Schematic of the EFIRM assay. (a) Surface preparation: The gold electrodes are precoated with pyrrole and DNA capture probe is immobilized onto the pyrrole-coated electrodes. Electrophoresis and target hybridization: The surface is incubated with the target ctDNA-containing saliva sample and a cyclic square wave electric field is applied at 30 cycles of +200 mV for 1 s and −300 mV for 9 s during hybridization. Detector probe hybridization: A complementary biotinylated single-stranded oligonucleotide detector probe hybridizes with the ctDNA target. Electrochemical detection: HRP-conjugated streptavidin and 3,3′,5,5′-tetramethylbenzidine substrate generate electrical current, which is detected by an electric sensor. (b) Steric effect: The negative potential makes a closed hairpin structure of DNA capture probe stretch and form an open structure required for highly efficient intermolecular hybridization. Abbreviations: ctDNA, circulating tumor DNA; EFIRM, electric field–induced release and measurement; HRP, horseradish peroxidase.

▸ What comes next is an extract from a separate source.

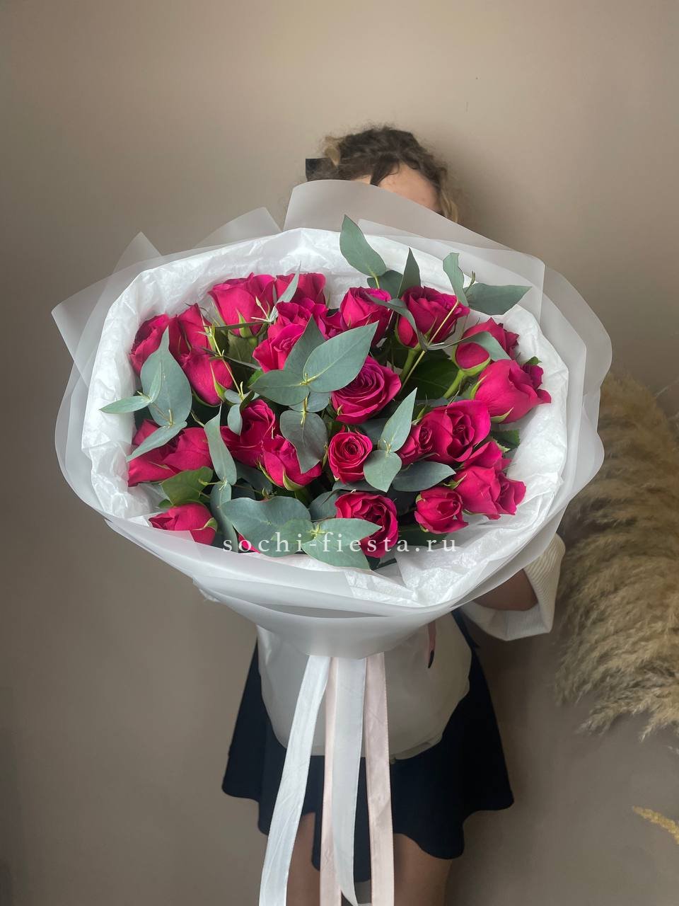 Двадцать пять малиновых бутонов собраны в плотную форму и дополнены серебристыми ветками эвкалипта. Яркий оттенок лепестков создает живое впечатление и заряжает энергией.

EFIRM has been used successfully to detect oncogenic mutations of the epidermal growth factor receptor (EGFR) gene in the saliva and plasma of patients with non-small cell lung cancer (73, 78, 79) (Figure 5). Receiver operating characteristic curve analysis demonstrated area under the curve values of 0.94 and 0.96 for EGFR exon 19 deletion and EGFP L858R, respectively. Capturing and analyzing EGFR exon 19 deletion and L858R mutation in saliva are emerging as a complementary technique in liquid biopsy and relevant in early cancer detection, as well as in guiding and managing patients on chemotherapy (80). These findings confirm that EFIRM has sufficient sensitivity to meet the demands of point-of-care testing.

Figure 5.

Saliva-based liquid biopsy for non-small cell lung cancer. ctDNA and tumor-derived exosomes enter the circulation and reach the salivary glands. ctDNA and exosomes are uptaken by salivary gland acinar cells via endocytosis or membrane fusion. Central to saliva liquid biopsy techniques is the capture and analysis of ctDNA, which includes EGFR exon 19 deletion and L858R mutation. Combining salivary ctDNA and exosome analyses can provide more comprehensive panels of molecular markers for precision medicine application in a minimally invasive manner. Abbreviations: ctDNA, circulating tumor DNA; EGFR, epidermal growth factor receptor.

5. FUTURE PERSPECTIVE

The use of salivaomics for cancer detection, diagnosis, and disease monitoring is an exciting prospect. Indeed, the ease with which a biopsy from saliva can be obtained would have a positive impact on patients’ quality of life. However, before salivaomics can be successfully adopted in the clinical setting, more work is required to understand how exosomes mediate communication between distal tumors and organs such as the salivary glands. Furthermore, there must be a robust evaluation of the validity of salivary exosome-associated biomarkers. It is also currently unclear whether using salivary exosomes would be more effective than current methods of analysis in oncology such as those involving ctDNA, circulating tumor cells, or exosomal miRNA. On the one hand, mutational analysis of ctDNA does not reveal detailed information about signaling pathways that are active in a particular tumor. In this case, additional salivaomic analysis may provide a more information-rich basis upon which decisions regarding treatment could be made. Analysis of salivary exosomes may also be more representative of the whole tumor when compared to circulating tumor cells, which make up a very small fraction of the malignancy. On the other hand, analysis of exosomal miRNA may be desirable. This is because each exosome will contain a subset of the total cellular miRNA complement due to the randomized encapsulation of miRNAs at the point of vesicle formation.

Techniques for the isolation of salivary exosomes and the quantification of their cargo require further optimization. We suggest that EFIRM technology represents a significant step forward in this regard, because it offers a rapid, robust, and cost-effective way to perform salivary biomarker detection. Continued improvement of EFIRM, together with the development of other rapid biomarker isolation techniques, will lead to earlier detection of disease, more rapid treatment, and reduced morbidity and mortality.